James Fenimore Cooper's style has drawn criticism for more than a century. Most famously, Mark Twain listed Cooper's literary offenses in an essay in which he claimed Cooper wrote "the poorest English that exists in our language." I can never quite forgive Twain for dissing Austen, but I agree with much of what he says about Cooper.

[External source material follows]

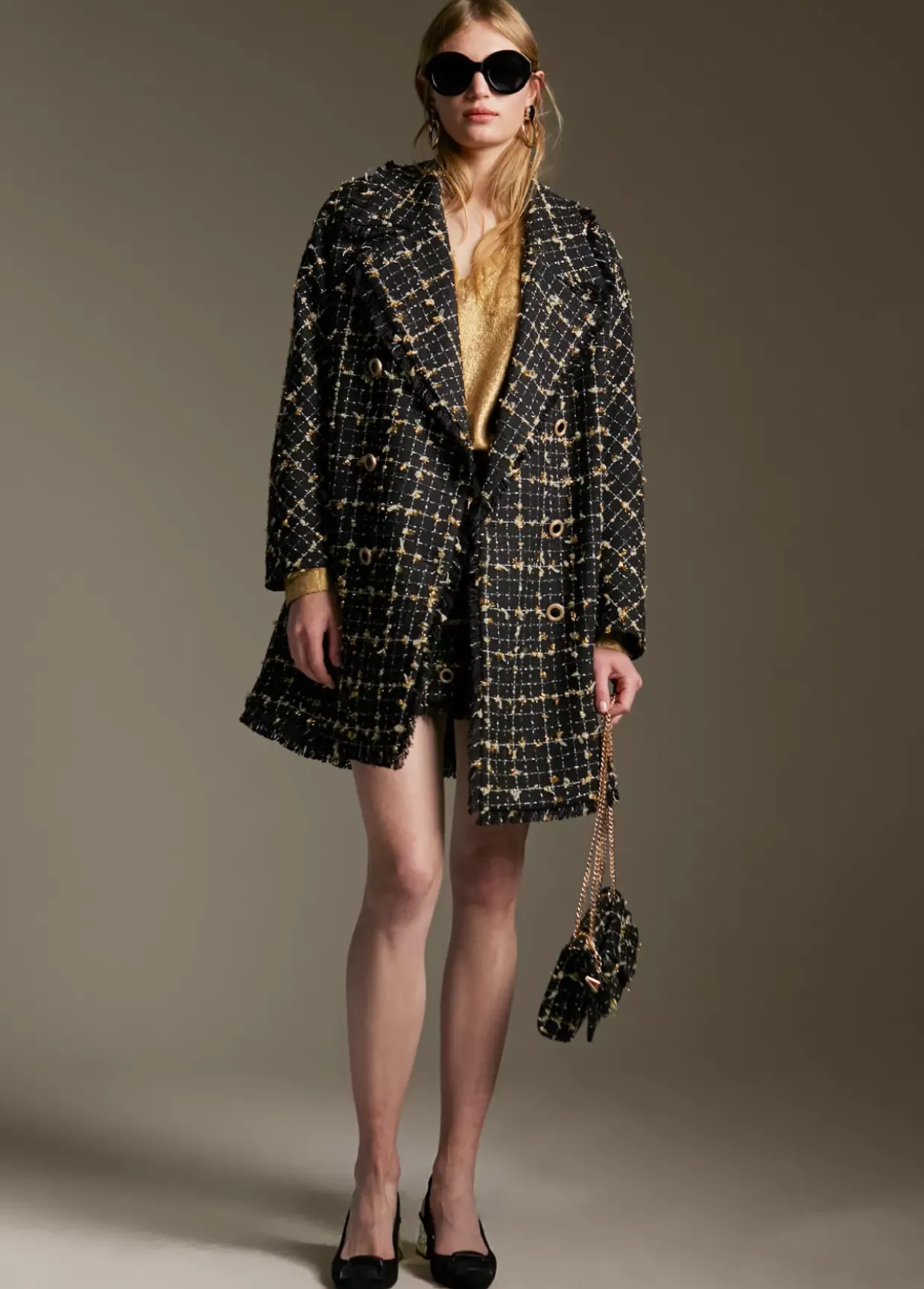 Abrigo corto de cuadros con detalle en lúrex- Cruzado, cuello solapa y cerrado con botones bicolor. Bolsillos laterales.

http://xroads.virginia.edu/~hyper/hns/indians/offense.html

Maureen said...

It was the physics of things that drove me nuts about Cooper. Rivers flowed the wrong way, boats made turns that were too tight for their length... And it seems to me accents switched... I can credit him for presenting the
'wild west' to the public and catching their imagination. But the imagine part went way too far!

P. Kirby said...

Well, given that I love Twain, his opinion on Cooper just solidifies my fondness. I don't remember it [Last of the Mohicans] as anything but gobbleygook put to ink. I mean, I don't know what the f*ck Shakespeare is talking about half the time, but at least it sounds pretty. Reading Cooper was like slogging through the La Brea tar pits. Fuggetaboutit.

I am, I admit, a lazy reader. I skim, sometimes even when the story engages me. I read for fun; I don't want to work that hard.

Marnee Bailey said...

I agree with Pat-- Present tense kills me. All those s's. I can't take it. ANd it feels so immediate. I don't like it. *mulish face*

What makes stories fall flat for me is when the world isn't developed enough. I say this even as I know that I need help with world building. LOL!!

I wanna see this movie though. Chances are it'll have to wait until DVD or on demand. But I'll get there.

Maureen said...

Marn, it's really a fascinating movie, as long as you don't try to make it stay straight. Beautifully filmed...

I also like a well developed world, just enough that I can follow. I don't need an extensive tour guide, but some cornerstones are good!

Pat, I agree...I can't follow Shakespeare, but the words sound so pretty. The meter, lift and fall...it's enough!